- TASK DIRECTIONS
Using only the entries below, copy exactly the lines that begin at the one with "宇都宮 彩々水さんを姓名の画数から五運を鑑定" and end at the one with "Особенности: 100% совместимость", both included. Drop the pictures.

- MATERIAL TO PROCESS

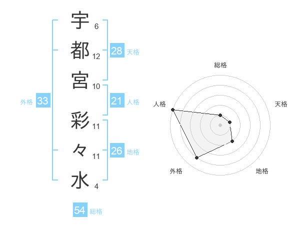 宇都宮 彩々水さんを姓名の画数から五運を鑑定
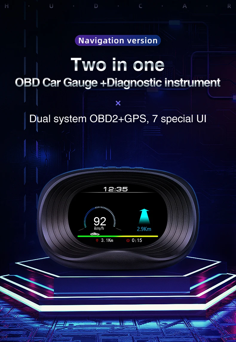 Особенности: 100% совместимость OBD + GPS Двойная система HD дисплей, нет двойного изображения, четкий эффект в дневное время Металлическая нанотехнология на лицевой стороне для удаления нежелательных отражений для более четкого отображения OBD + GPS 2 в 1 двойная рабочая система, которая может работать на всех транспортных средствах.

* * *

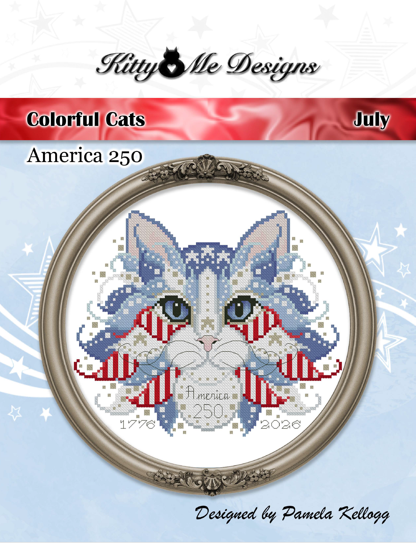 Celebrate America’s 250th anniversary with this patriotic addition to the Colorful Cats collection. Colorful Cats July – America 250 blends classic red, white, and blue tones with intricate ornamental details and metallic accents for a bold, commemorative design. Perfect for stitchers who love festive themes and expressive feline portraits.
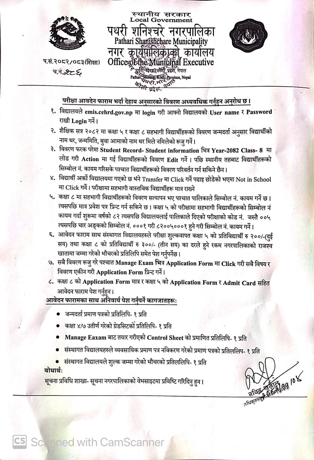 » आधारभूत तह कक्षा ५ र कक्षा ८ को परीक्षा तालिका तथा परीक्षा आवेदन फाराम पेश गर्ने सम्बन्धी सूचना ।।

...

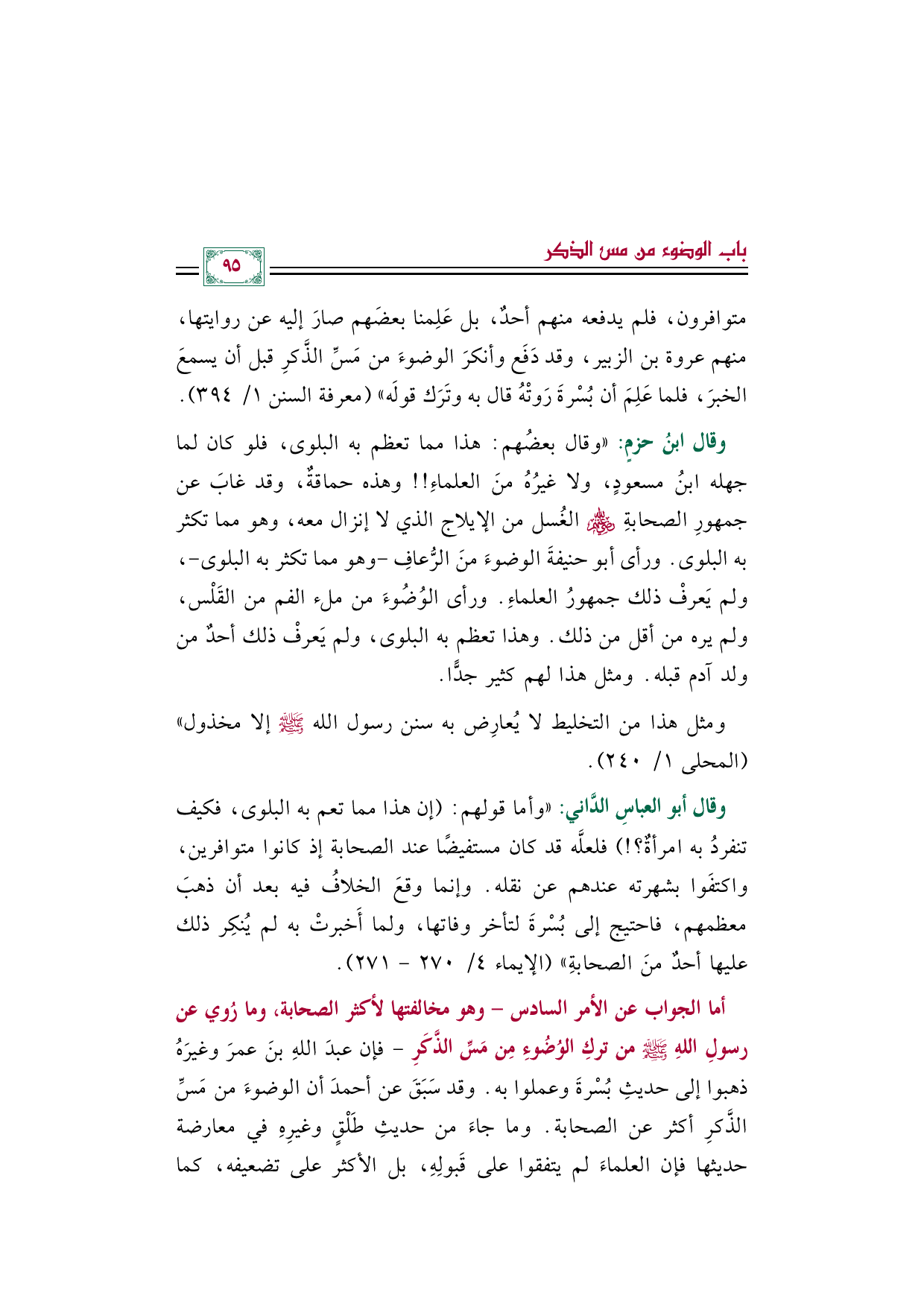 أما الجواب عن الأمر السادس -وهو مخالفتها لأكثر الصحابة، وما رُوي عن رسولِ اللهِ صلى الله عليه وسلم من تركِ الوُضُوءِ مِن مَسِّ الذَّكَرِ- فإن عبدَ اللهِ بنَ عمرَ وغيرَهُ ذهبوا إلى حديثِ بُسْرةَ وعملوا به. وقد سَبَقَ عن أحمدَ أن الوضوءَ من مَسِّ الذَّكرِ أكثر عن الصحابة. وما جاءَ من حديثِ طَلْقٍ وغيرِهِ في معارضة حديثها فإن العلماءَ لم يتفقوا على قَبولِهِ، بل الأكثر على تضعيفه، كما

- RESPONSE TO THIS EXERCISE
 宇都宮 彩々水さんを姓名の画数から五運を鑑定
 Особенности: 100% совместимость OBD + GPS Двойная система HD дисплей, нет двойного изображения, четкий эффект в дневное время Металлическая нанотехнология на лицевой стороне для удаления нежелательных отражений для более четкого отображения OBD + GPS 2 в 1 двойная рабочая система, которая может работать на всех транспортных средствах.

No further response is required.